なお、原告は、審決の上記判断が、第1次判決の拘束力に反し、行政事件訴訟法33条1項の規定に違反するとも主張する。しかしながら、第1次判決の正本(甲第11号証、同判決添付の第1次審決を含む。)によれば、第1次判決は、
引用例1、2に投球者にプレミアムサービスを提供するという技術課題が存在しないので、引用例1に記載された自動ボウリングスコア装置に、引用例2に記載されたストライク又はスペアが出たときに別の遊戯を表示する遊戯手段に関する技術を適用しても、本件訂正前の明細書の特許請求の範囲に係る発明の構成要件であるコンソール内の「遊戯結果をプレミアムデータとして記憶するプレミアムデータ記憶手段」及びホストコンピュータ内の「投球者に対するプレミアムサービスを提供するために前記プレミアムデータ記憶手段に記憶されている各コンソール毎のプレミアムデータを所定のタイミングに読み出して集計する手段」を構成することは、当業者といえども容易ではないとした第1次審決に対し、引用例1記載のレッドピンサービスはプレミアムサービスの一形態であり、引用例2記載の回転灯の点灯回数等により、競技者が互いに点数を競うことができること自体もプレミアムサービスに該当するから、審決が、引用例1、2につき、「投球者にプレミアムサービスを提供するという技術課題が存在しない」と認定したことは誤りであり、本件訂正前の明細書の特許請求の範囲に係る発明についての上記進歩性の判断は、そのような誤認に基づいてされたもので、審決の結論に影響を及ぼすべき重大な瑕疵があるとして、第1次審決を取り消したものである。したがって、第1次判決の拘束力は、
第1次審決を取り消す旨の結論(主文)を導くのに直接必要な認定判断、すなわち、引用例1、2に、投球者にプレミアムサービスを提供するという技術課題が存在しないことを理由に、本件訂正前の明細書の特許請求の範囲に係る発明の進歩性を肯定することはできないとの認定判断について生ずるものであり、これとは異なる理由で、本件訂正発明についての進歩性を肯定した審決の認定判断が、第1次判決の拘束力に反するとはいえないから、原告の上記主張は採用することができない。

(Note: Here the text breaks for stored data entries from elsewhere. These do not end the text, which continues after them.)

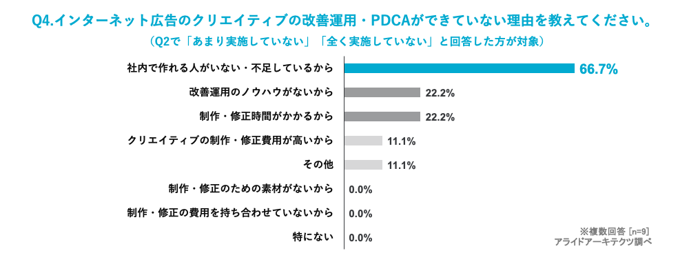 ■インターネット広告クリエイティブの運用ができない理由は、制作領域の担当者のスキル不足や人手不足。
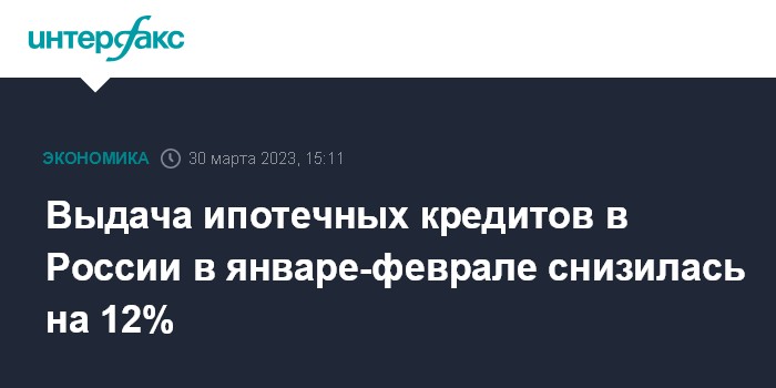 Выдача ипотечных кредитов в России в январе-феврале снизилась на 12%
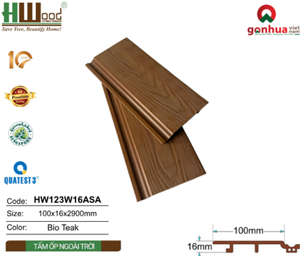 Tấm ốp ASA Hwood HW123W16ASA màu Bio Teak không chỉ là vật liệu xây dựng, mà còn là giải pháp hoàn thiện không gian sống hiện đại – đẹp, bền và thân thiện với môi trường. Nếu bạn đang tìm kiếm một dòng sản phẩm ốp tường ngoài trời vừa sang trọng vừa có tuổi thọ cao, đây chính là lựa chọn lý tưởng.
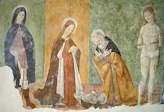 La chapelle abritait autrefois sur le maître-autel un précieux groupe sculptural de la fin du xve siècle représentant l’Adoration des mages, aujourd’hui conservé au musée civique Pier Alessandro Garda. Sur les murs intérieurs, des travaux de restauration ont révélé des fresques de la Renaissance qui ornaient l’autel latéral situé sur le mur gauche de la nef. Il s’agit d’un triptyque représentant la Vierge avec l’Enfant Jésus et saint Joseph entourés des saints Roch et Sébastien, attribué à l’école spanzottienne et daté de la fin du xve siècle.

(4) したがって、審決は、第1次判決の拘束力に反するとはいえないものの、
本件訂正発明の進歩性を認めた認定判断に誤りがあって、この誤りが本件訂正を認めた審決の判断に影響を及ぼすことは明らかであり、ひいて、審決の結論に影響を及ぼすものと認められる。
2 以上によれば、原告の請求は、その余の点につき判断するまでもなく理由がある。
よって、原告の請求を認容することとし、訴訟費用の負担につき行政事件訴訟法7条、民事訴訟法61条を適用して、主文のとおり判決する。